▶ Excerpted data
>>
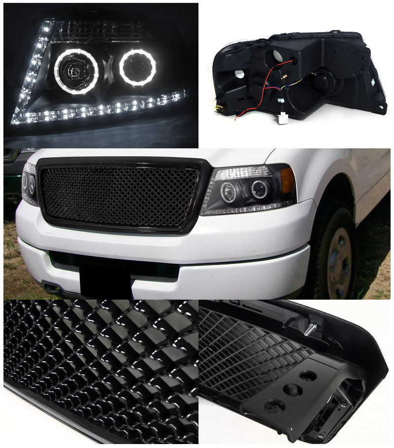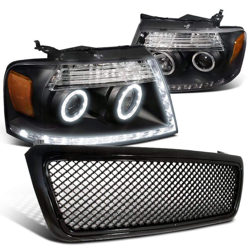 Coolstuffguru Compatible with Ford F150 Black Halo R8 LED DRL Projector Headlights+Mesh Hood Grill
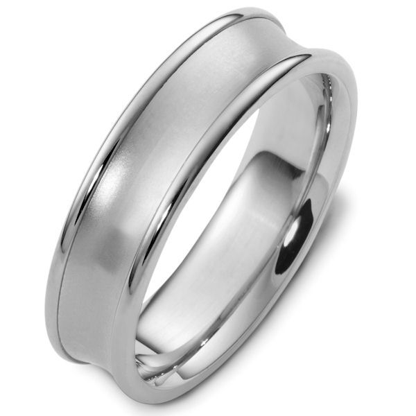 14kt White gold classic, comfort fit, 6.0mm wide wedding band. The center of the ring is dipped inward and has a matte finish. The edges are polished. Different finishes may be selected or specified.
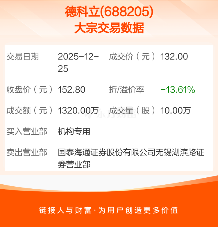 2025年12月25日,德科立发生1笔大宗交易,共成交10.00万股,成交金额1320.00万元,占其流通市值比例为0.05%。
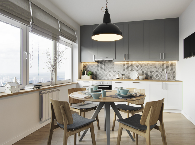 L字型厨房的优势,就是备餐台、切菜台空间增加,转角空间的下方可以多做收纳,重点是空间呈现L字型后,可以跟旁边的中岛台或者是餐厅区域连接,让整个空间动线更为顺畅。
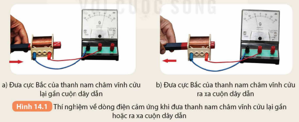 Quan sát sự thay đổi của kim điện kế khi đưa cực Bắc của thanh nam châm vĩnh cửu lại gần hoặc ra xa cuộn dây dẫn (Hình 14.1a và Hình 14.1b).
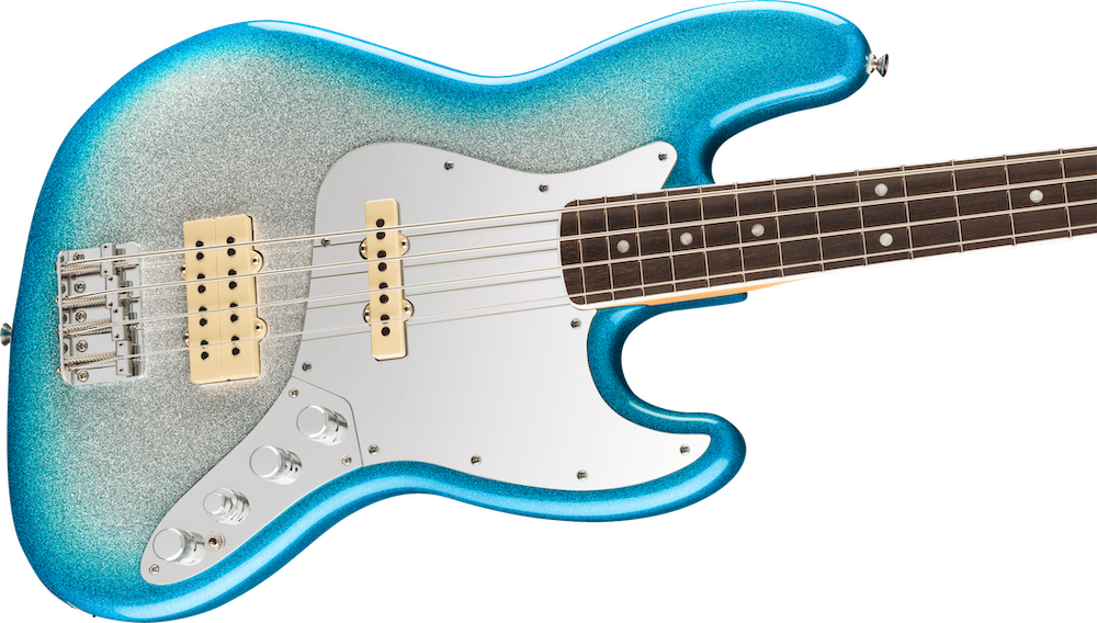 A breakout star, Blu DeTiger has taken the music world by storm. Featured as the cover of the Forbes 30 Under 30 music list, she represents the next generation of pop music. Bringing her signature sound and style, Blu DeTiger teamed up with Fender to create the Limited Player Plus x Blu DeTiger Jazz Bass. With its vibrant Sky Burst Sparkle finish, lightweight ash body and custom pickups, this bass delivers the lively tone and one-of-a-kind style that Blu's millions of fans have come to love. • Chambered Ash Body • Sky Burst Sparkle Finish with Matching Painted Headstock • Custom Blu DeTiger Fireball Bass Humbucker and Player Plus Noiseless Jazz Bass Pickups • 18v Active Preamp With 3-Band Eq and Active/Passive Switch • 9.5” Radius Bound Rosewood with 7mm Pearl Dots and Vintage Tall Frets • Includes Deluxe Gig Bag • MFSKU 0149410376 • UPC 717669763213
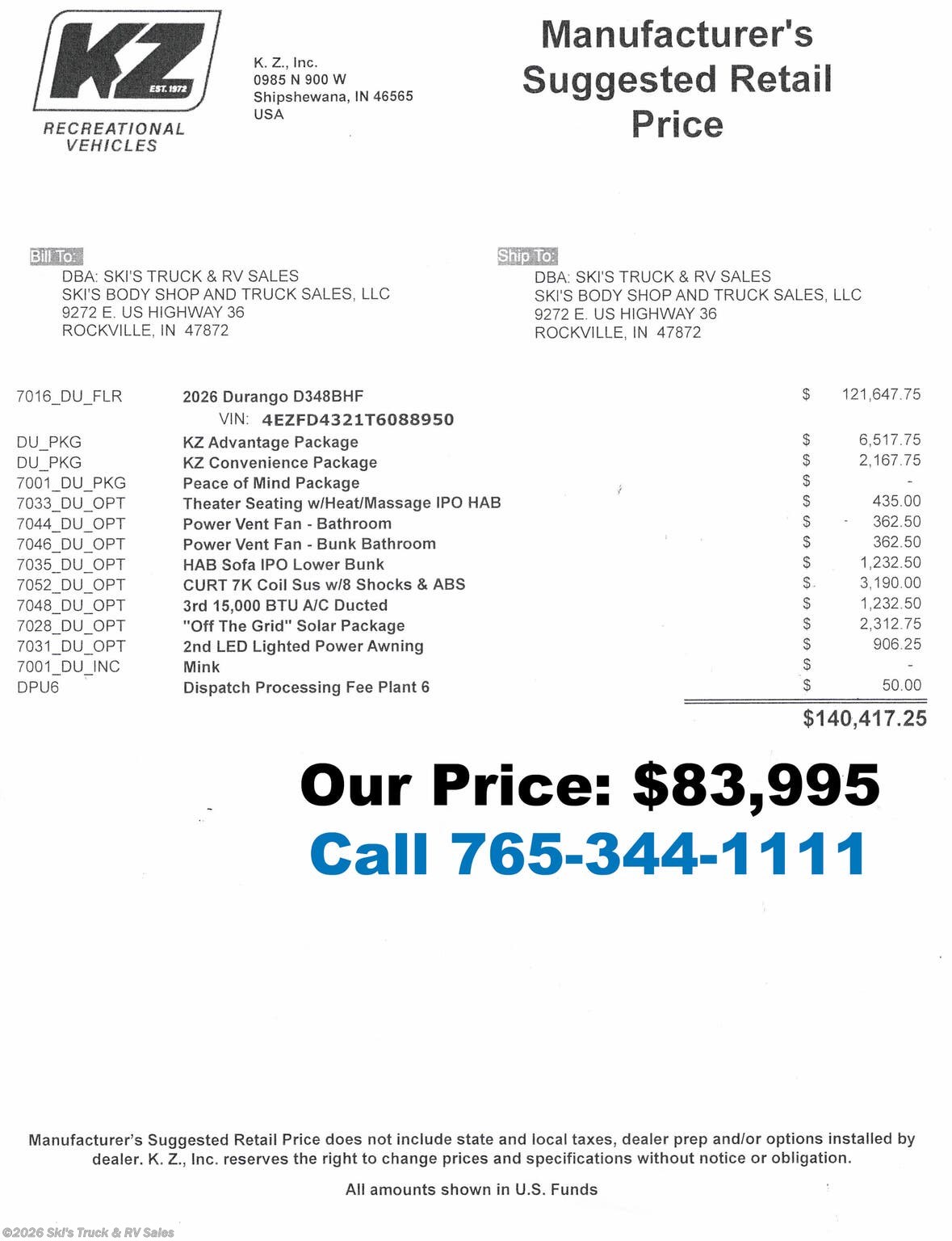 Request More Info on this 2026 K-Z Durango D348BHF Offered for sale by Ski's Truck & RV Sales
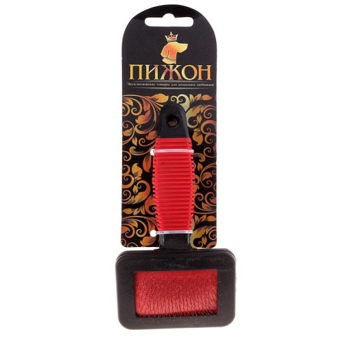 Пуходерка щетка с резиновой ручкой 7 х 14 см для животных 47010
<<
>>
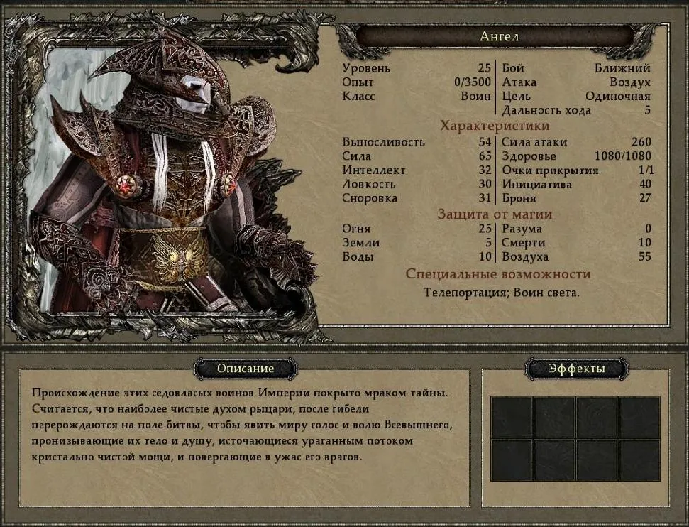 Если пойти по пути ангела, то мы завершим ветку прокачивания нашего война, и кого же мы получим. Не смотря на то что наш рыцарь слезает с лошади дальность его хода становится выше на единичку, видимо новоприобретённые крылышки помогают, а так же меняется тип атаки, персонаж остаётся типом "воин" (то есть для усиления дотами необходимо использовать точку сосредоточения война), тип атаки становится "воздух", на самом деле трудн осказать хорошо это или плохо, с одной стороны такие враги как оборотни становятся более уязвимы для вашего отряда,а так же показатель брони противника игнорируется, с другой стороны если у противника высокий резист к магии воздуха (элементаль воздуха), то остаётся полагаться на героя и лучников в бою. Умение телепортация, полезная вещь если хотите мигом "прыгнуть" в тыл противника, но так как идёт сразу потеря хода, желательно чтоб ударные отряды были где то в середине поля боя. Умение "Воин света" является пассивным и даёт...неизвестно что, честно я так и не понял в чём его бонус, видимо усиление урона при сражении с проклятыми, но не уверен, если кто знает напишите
<<
▶ Directions for this task
In the entries above, find the line with "Request More Info" and the line with "Пуходерка щетка с". Write out exactly those two lines and every line between them, pictures excluded.

▶ Exercise result
 Request More Info on this 2026 K-Z Durango D348BHF Offered for sale by Ski's Truck & RV Sales
 Пуходерка щетка с резиновой ручкой 7 х 14 см для животных 47010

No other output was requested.